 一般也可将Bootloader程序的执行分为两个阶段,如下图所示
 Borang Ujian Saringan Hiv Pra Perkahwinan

-*-*-

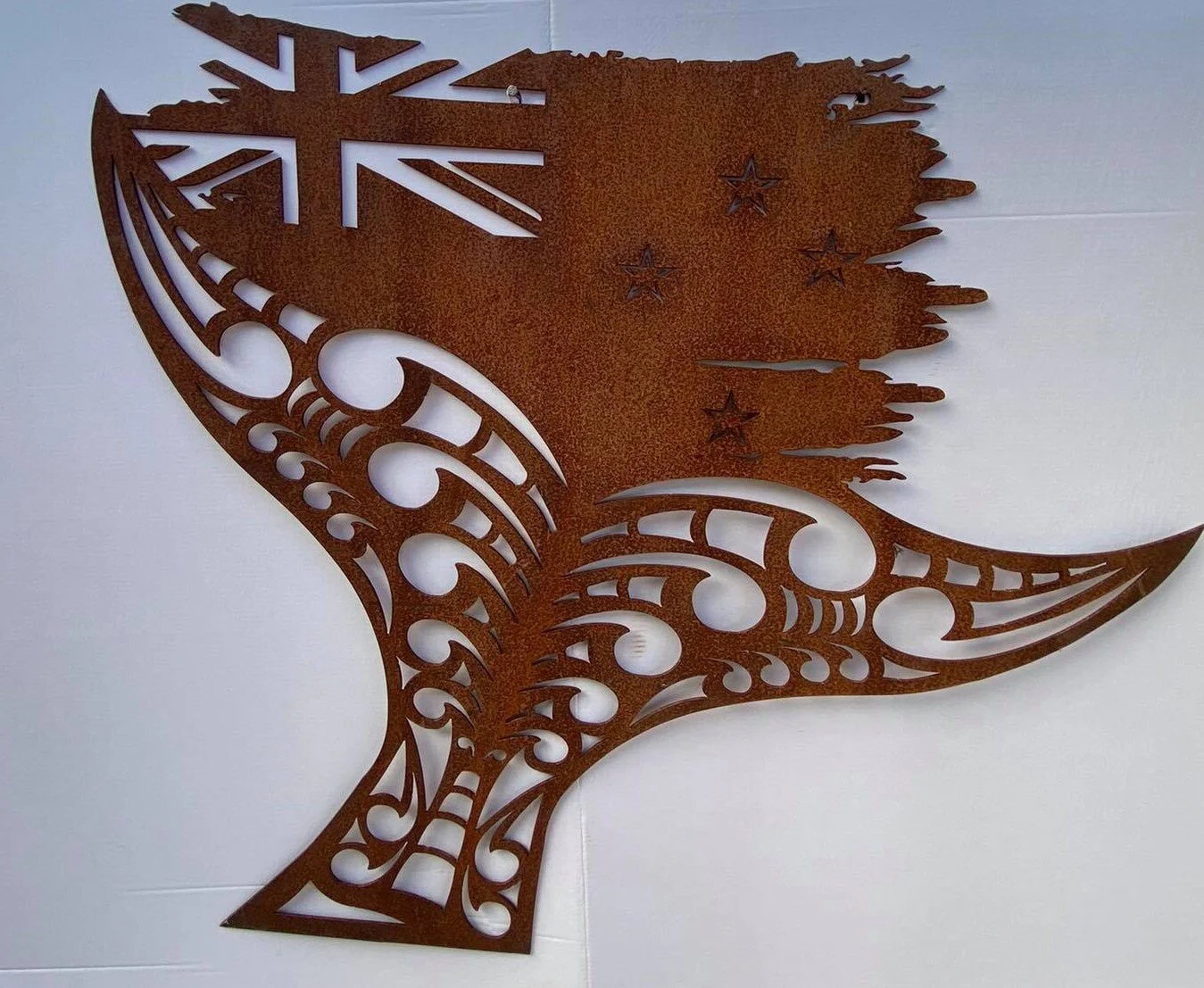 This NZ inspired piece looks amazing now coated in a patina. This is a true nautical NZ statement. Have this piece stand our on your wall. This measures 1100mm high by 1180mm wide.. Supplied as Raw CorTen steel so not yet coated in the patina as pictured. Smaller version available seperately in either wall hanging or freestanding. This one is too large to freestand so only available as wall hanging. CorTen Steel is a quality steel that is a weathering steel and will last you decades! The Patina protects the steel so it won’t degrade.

-*-*-

• _BRIEF_
Write down, word for word, the lines above from the one containing "一般也可将Bootloader程序的执行分为两个阶段,如下图所示" through the one containing "Borang Ujian Saringan Hiv Pra Perkahwinan", both ends included.

• _YOUR RESPONSE_
 一般也可将Bootloader程序的执行分为两个阶段,如下图所示
 Borang Ujian Saringan Hiv Pra Perkahwinan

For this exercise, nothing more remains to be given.